• _Exercise description_:
Each entry below should be printed exactly, with every image left out.

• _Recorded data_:

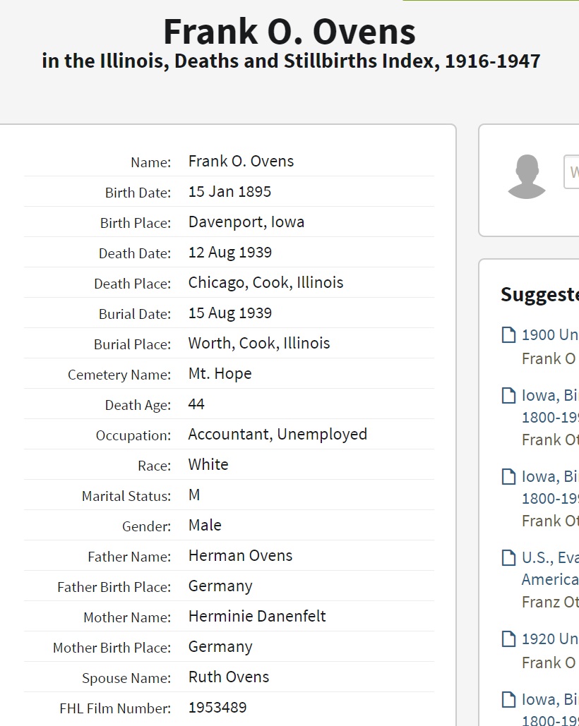Frank Otto Ovens was born on January 15, 1895 in Davenport, Scott, Iowa, USA. He and
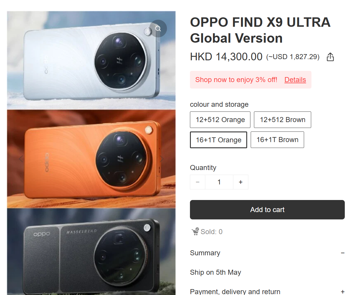 Oppo Find X9 Ultra: modelli globali già disponibili per l'acquisto con un massimo di 16 GB di RAM
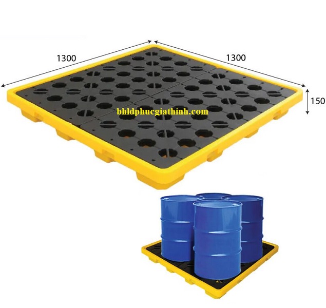 - Pallet nhựa chống tràn dầu và hoá chất 4 phuy kích thước 1300x1300x150mm được làm từ nhựa HDPE nguyên sinh có khả năng chống thấm và chịu được sự ăn mòn từ các loại hóa chất.
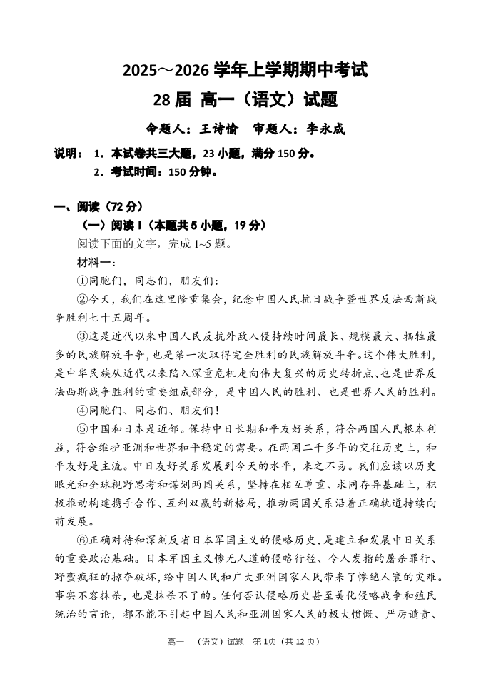 高一语文+答案--河南省郑州市第一中学2025~2026学年高一上学期期中考试
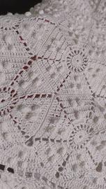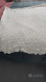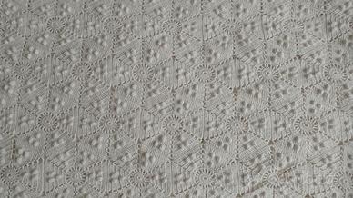 Coperta uncinetto matrimoniale fatta a mano dalla bisnonna, ricevuta in dote, mai usata, conservata sempre in armadio. Cotone 100%, bianca.
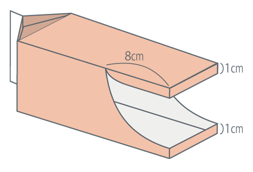 図のように、カーブをつけて切り取り、大きな口を作ります。
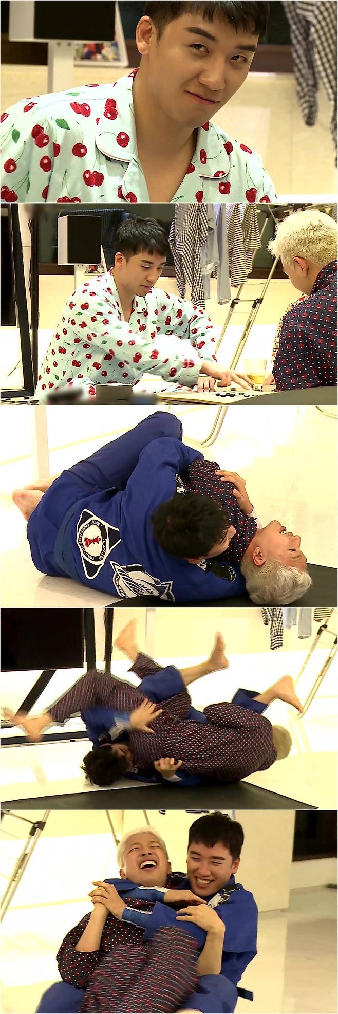 대성은 "그건 포옹이잖아", "약간 스킨십 같은데?"라며 도발을 시작한다. 이에 승리가 공격에 더 집중하자 대성은 "이 악물은 거 봐!"라며 깐족거린다.
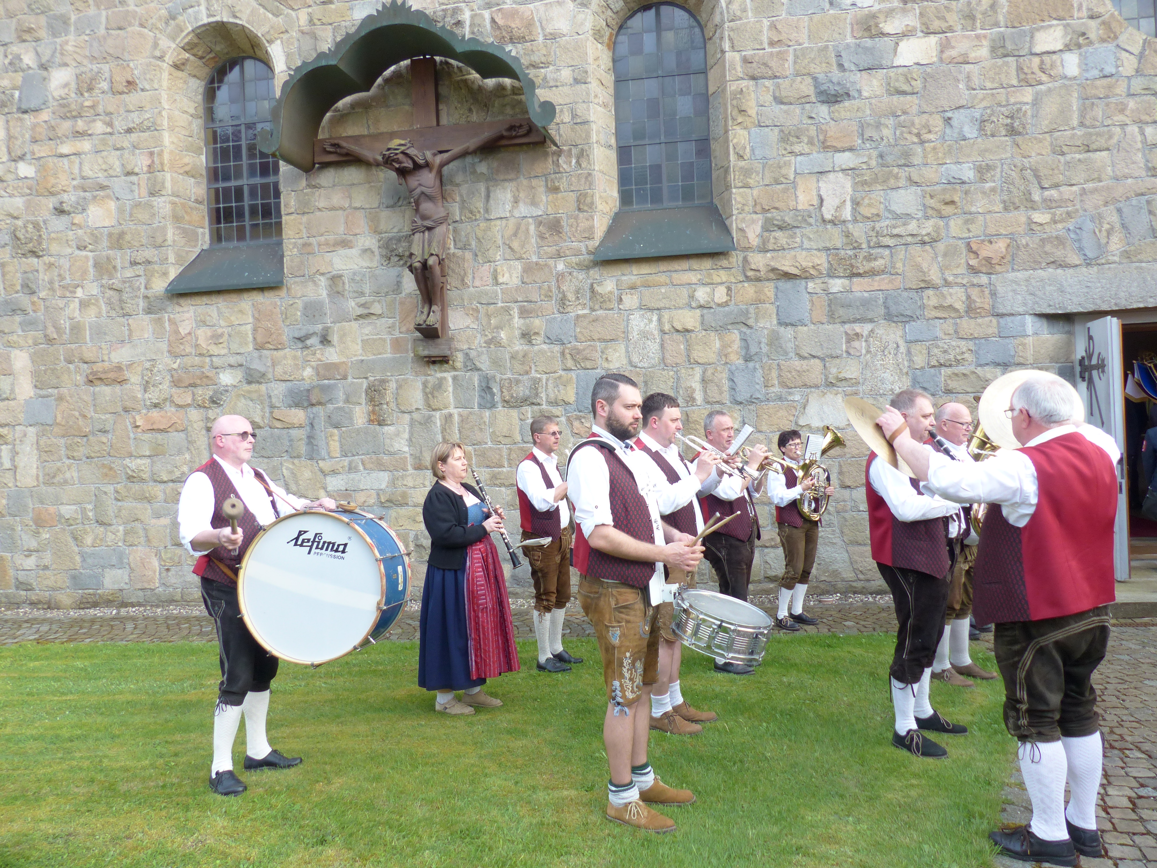 Über 80 Feuerwehrfrauen und -männer in Uniform hatten sich hinter ihrer jeweiligen Fahne versammelt, um den Kirchenzug anzuführen. Die Stadtkapelle spielte voraus und im Anschluss die einladende Wehr Lerau mit Bürgermeister Anton Kappl und Vizebürgermeister Karl Liegl, die hier auch Mitglieder sind, die FFW Wittschau-Preppach, FFW Leuchtenberg und FFW Döllnitz.
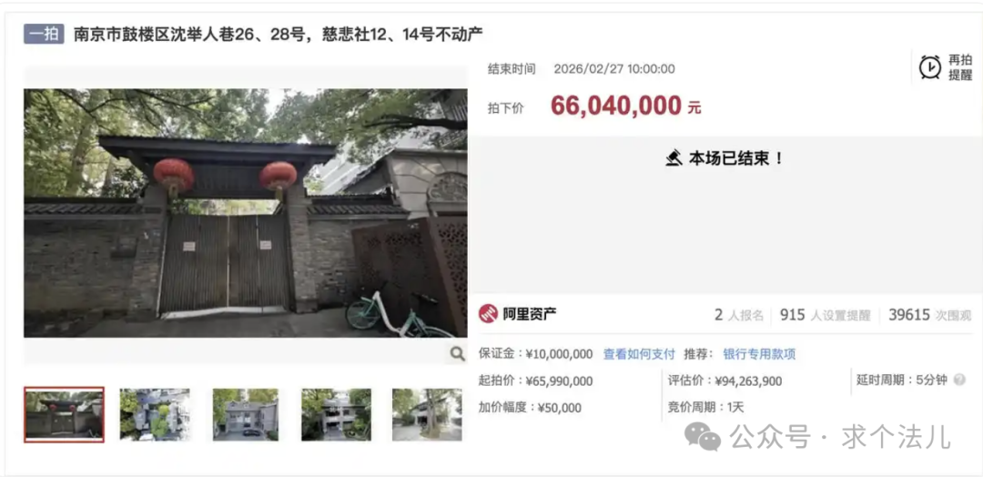 拍卖公告明确,在文物行政部门明确答复前,竞买人不得为外国人,且购房后需至南京市文物行政部门备案。该房产总建筑面积1082.37平方米,评估价9426.39万元,此次拍卖保证金1000万元,增价幅度5万元。
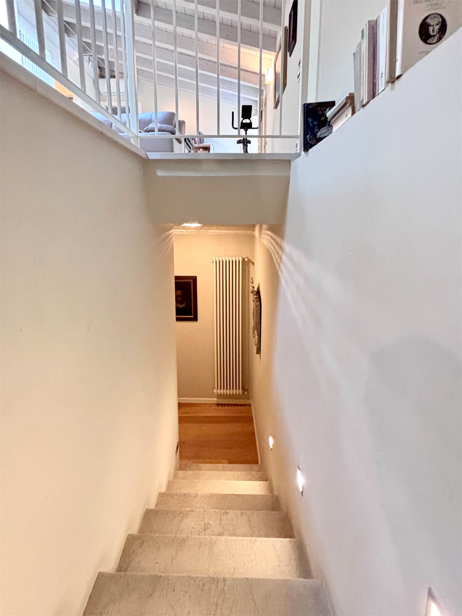 Tramite la scala interna si accede al secondo piano dove troviamo l'ampio soggiorno con accesso diretto al terrazzo.
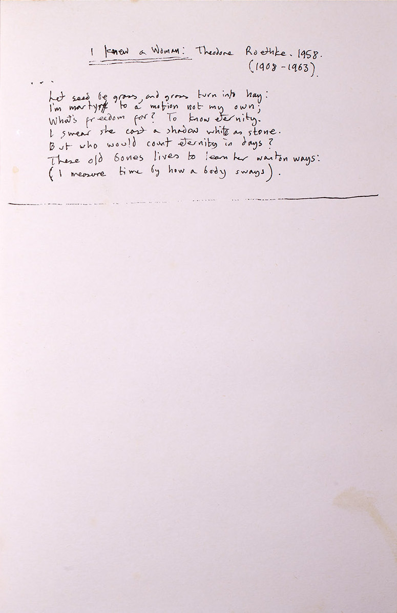 I knew a woman: Theodore Roethke. 1958.

• _Answer to this task_:
Frank Otto Ovens was born on January 15, 1895 in Davenport, Scott, Iowa, USA. He and
 Oppo Find X9 Ultra: modelli globali già disponibili per l'acquisto con un massimo di 16 GB di RAM
 - Pallet nhựa chống tràn dầu và hoá chất 4 phuy kích thước 1300x1300x150mm được làm từ nhựa HDPE nguyên sinh có khả năng chống thấm và chịu được sự ăn mòn từ các loại hóa chất.
 高一语文+答案--河南省郑州市第一中学2025~2026学年高一上学期期中考试
 Coperta uncinetto matrimoniale fatta a mano dalla bisnonna, ricevuta in dote, mai usata, conservata sempre in armadio. Cotone 100%, bianca.
 図のように、カーブをつけて切り取り、大きな口を作ります。
 대성은 "그건 포옹이잖아", "약간 스킨십 같은데?"라며 도발을 시작한다. 이에 승리가 공격에 더 집중하자 대성은 "이 악물은 거 봐!"라며 깐족거린다.
 Über 80 Feuerwehrfrauen und -männer in Uniform hatten sich hinter ihrer jeweiligen Fahne versammelt, um den Kirchenzug anzuführen. Die Stadtkapelle spielte voraus und im Anschluss die einladende Wehr Lerau mit Bürgermeister Anton Kappl und Vizebürgermeister Karl Liegl, die hier auch Mitglieder sind, die FFW Wittschau-Preppach, FFW Leuchtenberg und FFW Döllnitz.
 拍卖公告明确,在文物行政部门明确答复前,竞买人不得为外国人,且购房后需至南京市文物行政部门备案。该房产总建筑面积1082.37平方米,评估价9426.39万元,此次拍卖保证金1000万元,增价幅度5万元。
 Tramite la scala interna si accede al secondo piano dove troviamo l'ampio soggiorno con accesso diretto al terrazzo.
 I knew a woman: Theodore Roethke. 1958.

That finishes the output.